Animal Tracks
Album Summary
Animal Tracks came roaring out in 1965, released on Columbia Records in the UK and MGM Records in the US, and it caught The Animals at that glorious moment when everything they touched turned to pure, uncut electricity. Produced by the one and only Mickie Most, this record was laid down fast and fierce — the way all great music should be made — with that live-in-the-room energy bleeding through every groove. Eric Burdon and the boys weren't trying to pretty anything up. They were digging deep into American blues and R&B soil, pulling up roots and replanting them on British stages and turntables, and the result was something that sounded like it was recorded at two in the morning with the lights turned low and the amps turned all the way up.
Reception
- Animal Tracks reached number 6 on the UK Albums Chart in 1965, a strong showing that confirmed The Animals were no one-hit phenomenon — they were a genuine force in their home country's musical landscape.
- The album found a receptive audience in the United States as well, where the British Invasion had primed American listeners to embrace exactly this kind of raw, blues-soaked energy coming across the Atlantic.
- Critics took note of the album's honest, unvarnished sensibility, recognizing that The Animals were operating in a different spirit than their more pop-polished contemporaries — these were musicians treating the blues with real reverence and real grit.
Significance
- Animal Tracks stands as one of the purest expressions of The Animals' mission to carry American blues and R&B tradition into the heart of 1960s rock, shining a light on that sacred lineage for an entire generation of young listeners who might never have found their way there otherwise.
- The album cemented the band's identity as the rougher, rawer conscience of the British Invasion — less interested in chart calculations than in feel, soul, and truth — and that posture became a touchstone for the hard rock and blues-rock artists who followed in their wake.

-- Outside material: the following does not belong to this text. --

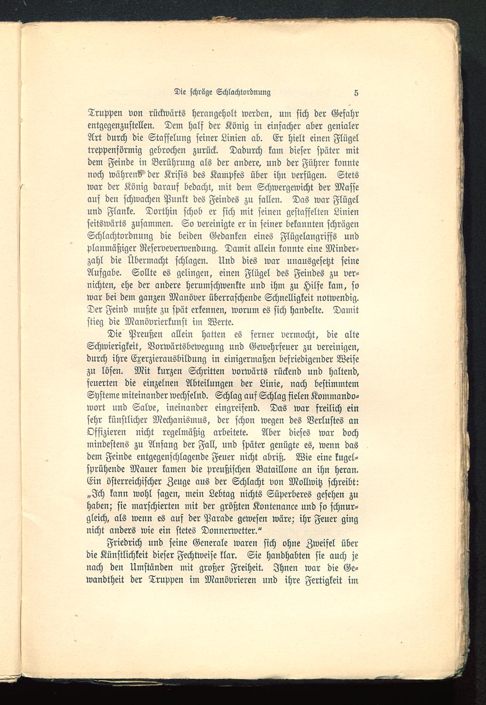 Friedrich und seine Generale waren sich ohne Zweifel überdie Künstlichkeit dieser Fechtweise klar. Sie handhabten sie auch jenach den Umständen mit großer Freiheit. Ihnen war die Ge-wandtheit der Truppen im Manövrieren und ihre Fertigkeit im

- With its unapologetically direct production aesthetic, Animal Tracks helped carve out space within the mainstream rock album format for a harder, less commercial sound, proving that a record could be both widely heard and uncompromisingly honest at the same time.
Samples
- We Gotta Get Out Of This Place — one of the most enduring songs in the rock canon, widely interpolated and referenced across decades of popular music, with its bass riff and spirit invoked by numerous artists across rock, hip-hop, and beyond.

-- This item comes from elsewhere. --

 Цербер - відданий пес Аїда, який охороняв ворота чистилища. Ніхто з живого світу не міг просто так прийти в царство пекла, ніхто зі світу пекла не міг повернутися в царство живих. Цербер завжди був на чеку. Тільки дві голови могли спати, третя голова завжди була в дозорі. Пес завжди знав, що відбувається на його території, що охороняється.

- Don't Let Me Be Misunderstood — sampled and interpolated by multiple artists across genres, most famously repurposed by Santa Esmeralda in their 1977 disco arrangement, which itself became a widely sampled source in hip-hop production.

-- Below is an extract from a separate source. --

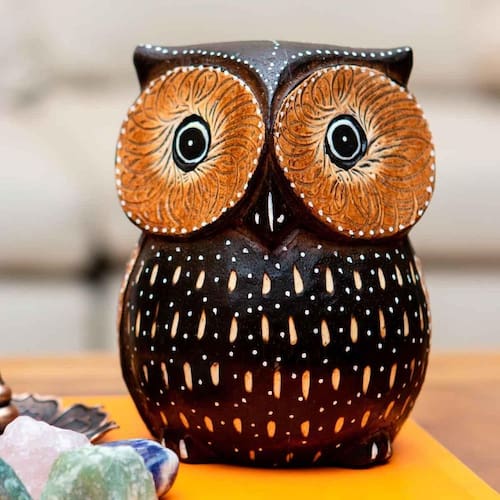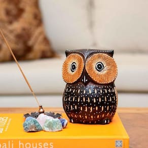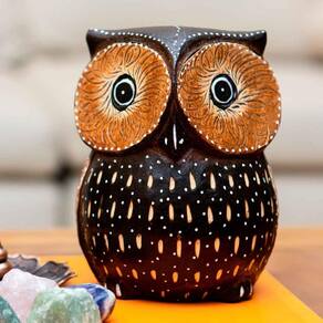 Escultura Coruja de Madeira Balsa Importada de Bali 16cm Escultura Coruja de Madeira Balsa Importada de Bali 16cm A coruja é a ave soberana da noite e para muitos povos elas simbolizam o mistério, a inteligência, a sabedoria e o conhecimento. Simboliza também a reflexão e o conhecimento intuitivo. Nossa coruja decorativa é perfeita para trazer charme ao ambiente. É feita de madeira balsa e pintada à mão com a técnica dots muito utilizada pelos balineses. Adquira a sua coruja e deixe a sua casa ou escritório mais bonito. Material: madeira balsa Cores Predominantes: Marrom Escuro Peso: aproximadamente 325g Largura: 9cm Altura: 16cm Profundidade: 9cm Origem: bali O produto é artesanal, fabricado e de Bali e por isso pode apresentar pequenas variações de cor, tonalidade, brilho, peso e tamanho. Não deixe a sua peça em contato prolongado com a água, a não ser que seja peça que possa ser exposta ao sol e chuva. As fotos são ilustrativas. Qualquer produto adicional utilizado na composição das fotos deve ser comprado separadamente. Marca: Não Informado

- Bring It On Home To Me — the Animals' reading of this Sam Cooke classic has been referenced and sampled within soul and R&B contexts, carrying forward the emotional weight of the original into new generations of recorded music.
Tracklist
-
A1 We Gotta Get Out Of This Place 123 3:17
-
A2 Take It Easy Baby — 2:51
-
A3 Bring It On Home To Me 124 2:40
-
A4 The Story Of Bo Diddley 121 5:42
-
B1 Don't Let Me Be Misunderstood 112 2:26
-
B2 I Can't Believe It 184 3:35
-
B3 Club A-Go-Go 73 2:19
-
B4 Roberta 177 2:04
-
B5 Bury My Body 129 2:52
-
B6 For Miss Caulker 183 3:55
Artist Details
The Animals were a British rock band formed in Newcastle upon Tyne, England, in 1964, fronted by the powerful blues vocalist Eric Burdon alongside keyboardist Alan Price, guitarist Hilton Valentine, bassist Chas Chandler, and drummer John Steel. Their sound was rooted in rhythm and blues, rock and roll, and folk influences, setting them apart from many of their British Invasion contemporaries with a rawer, darker edge. Their breakthrough hit, a dramatic reworking of the traditional folk song House of the Rising Sun, reached number one on both sides of the Atlantic in 1964 and became one of the most iconic recordings of the era, notable for its haunting arrangement and Burdon's emotionally intense delivery. The Animals were central figures in the British Invasion, helping to introduce American blues and R&B back to international audiences in a new form, and their work influenced countless rock and blues-rock artists in subsequent decades. Though the classic lineup disbanded in 1966, the band reunited in various forms over the years, and their legacy endures as a defining example of British blues-influenced rock at its most visceral and expressive.